Advertisement

Rapist Sentenced to 65-Year Term for Assaults on 17 Victims

Share
Times Staff Writer

Unswayed by expressions of remorse from a 28-year-old man whom police dubbed the “security building rapist,” a Los Angeles Superior Court judge Friday sentenced him to 65 years in prison, calling him “a walking time bomb” who should never be returned to society.

“These are not ordinary rapes,” Judge Robert T. Altman said in sentencing Ronald Nelson Melvin. “They’re rapes of children, they are serial rapes, they are rapes under the very cruelest of circumstances.”

Melvin pleaded guilty April 21 to 29 counts, including rape, kidnaping and child molestation, involving 17 victims who lived in mid-Wilshire-area apartment buildings with buzzer systems. The victims were between 10 and 17 years old, except for one 8-year-old and two women in their 20s.

Advertisement

According to testimony at Friday’s sentencing hearing, Melvin apparently led a double life for 19 months, beginning in August, 1984.

Stalking Victims

Melvin the rapist was stalking young victims, slipping into their apartment buildings behind them and forcing them, usually at knifepoint, into secluded areas so he could assault them.

The other Melvin was an active member of Alcoholics Anonymous, who had a kicked a drinking habit that began when he was 12 and went out of his way to help both friends and strangers benefit from his experience. This Melvin was trained as a plumber’s assistant.

“I’ve always found him to be a very helpful and good person,” said a 30-year-old woman who met Melvin through AA three years ago. “. . . I don’t know this person that you’re talking about.”

Taking the stand, the soft-spoken Melvin told Altman he was eager to get help.

“I feel real bad about what I’ve done,” he said. “While I was doing it, I felt bad about it.”

Asserting that he had been “living in a nightmare” because of his compulsive sexual urges, Melvin said, “Given a chance I can be helped . . . because I want to be.”

Advertisement

The judge said he felt sympathy for anyone with a background like Melvin’s. According to the probation report, Melvin was raised mainly by a grandmother. His parents were alcoholics who died of liver disease, and he himself was sexually abused by older boys until he was old enough to fight them off.

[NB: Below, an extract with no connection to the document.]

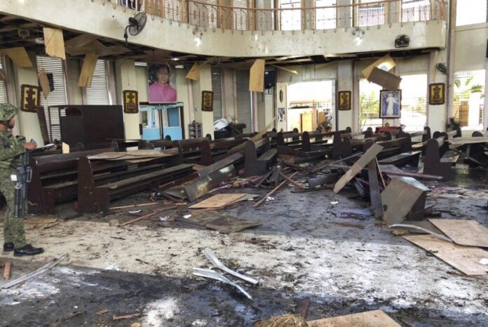Gambar-gambar di dalam gereja di Jolo itu memperlihatkan bangku-bangku kayu hancur dan puing-puing terserak di lantai. Ketika berbicara di Panama, Paus Fransiskus mengutuk apa yang dia katakan “serangan teroris” dan mendoakan bagi para korban tewas dan cedera.

Altman, however, said he was troubled by the fact that Melvin had not sought treatment before his arrest. Moreover, the judge said, in taking issue with a psychologist and a psychiatrist who testified for the defense, “I’m not at all satisfied that he can be changed by any type of treatment.”

Responding angrily to Melvin’s testimony, Deputy Dist. Atty. Keith Schwartz, who prosecuted the case, repeatedly called him a “monster” who terrorized an entire community for nearly two years and was “not entitled to one ounce of sympathy.”

Schwartz pointed out that the rapes were committed while Melvin was on parole after serving six years in a New York prison for manslaughter.

The prosecutor said Melvin might be eligible for release in 32 1/2 years.